After the city and police department described an emerging mental health crisis in Vancouver in 2013, the province implemented three of their five recommendations within a year, including new Assertive Community Treatment teams and a nine-bed urgent care facility at St. Paul's Hospital. In response to a recommendation that the province adds 300 new long-term health care beds for the most severely mentally ill, provincial Health Minister Terry Lake said that more research was needed to determine whether these beds were urgently needed. As of 2015, the province had opened or committed to only 50 new beds.

=== Co-ordination of services ===
Although DTES residents often have a complex combination of needs, services are typically delivered from the perspective of a single discipline (such as police or medical) or a particular agency's mandate, with little communication between the service providers who are working with a given individual. Despite widespread agreement in principle that a coordinated approach is necessary to improve conditions for DTES residents, the three levels of government have not agreed on any overall long-term plan for the DTES, and there is no overall co-ordination of services for the area.

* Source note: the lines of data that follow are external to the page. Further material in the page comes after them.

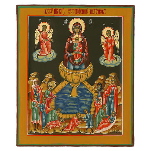 Icono ruso moderno de la Fuente de la Vida de 31x26 cm pintado a mano sobre tabla.
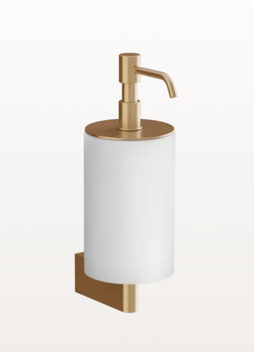 Дозатор для жидкого мыла, Gessi, Origini, механический (нажимной), ширина, мм-75, глубина, мм-127, высота, мм-229, тип установки-настенный, цвет колбы-белый, цвет дозатора-Warm Bronze Brushed PVD Дозатор для жидкого мыла, Gessi, Origini, шгв 75*127*229, цвет дозатора-Warm Bronze Brushed PVD
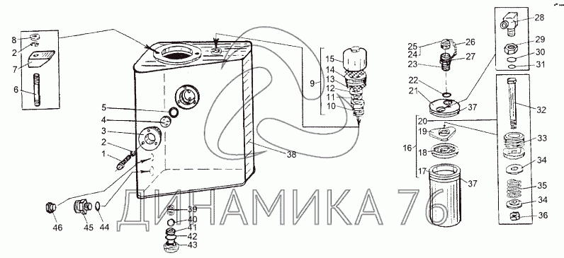 Перечень комплектующих от Бак масляный 652511-3410010 на МЗКТ-652511
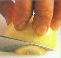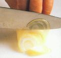 Hold the onion firmly and cut it in vertical slices, guiding the knife with your bent fingers.
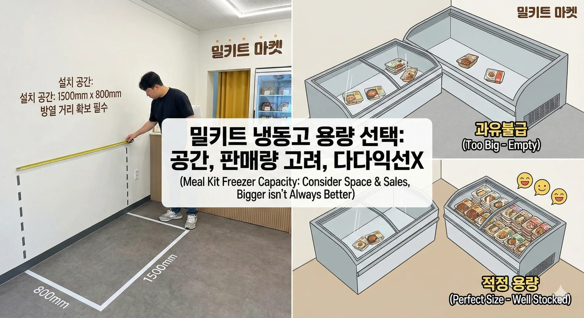 λ§€μ₯ 곡κ°κ³Ό μμ μ¬κ³ λμ κ³ λ €νμ¬ κ³ κ°μ΄ 보기 νΈν μ΅μ μ μ¬μ΄μ¦λ₯Ό μ ννμΈμ.

In 2009, the VPD proposed creating a steering committee of senior city and provincial stakeholders, which would be mandated to improve collaboration between service providers to enable a client-centric rather than a discipline-centric model. The report recommends prioritizing the needs of the most vulnerable individuals in the neighbourhood, saying that having them get the assistance they require is "a necessary condition for other neighbourhood improvement initiatives to succeed."

In 2020 during the COVID-19 pandemic in British Columbia, a Coordinated Community Response Network was formed to distribute funds, resources, and support in the neighbourhood. The network consists of a coordinated effort of over 50 social service and frontline organizations and groups.

== Notable activists ==
- Shirley Chan, a prominent community activist and co-founder of the Strathcona Property Owners and Tenants Association (SPOTA), has worked for decades to revitalize Chinatown and preserve historical sites in the neighbourhood from development.
- Bruce Eriksen (1928–1997), founder of the Downtown Eastside Residents Association (DERA)
- Liz Evans and Mark Townsend, co-founder of the Portland Hotel Society (PSH, since renamed PHS Community Services Society)
- Bud Osborn (1947–2014) and Ann Livingston, co-founders of the Vancouver Area Network of Drug Users (VANDU)

==Portrayals in media==
Films set in the Downtown Eastside include On the Corner, The Ballad of Oppenheimer Park, and Luk'Luk'I. The Matthew Good album Vancouver was inspired by the Downtown Eastside.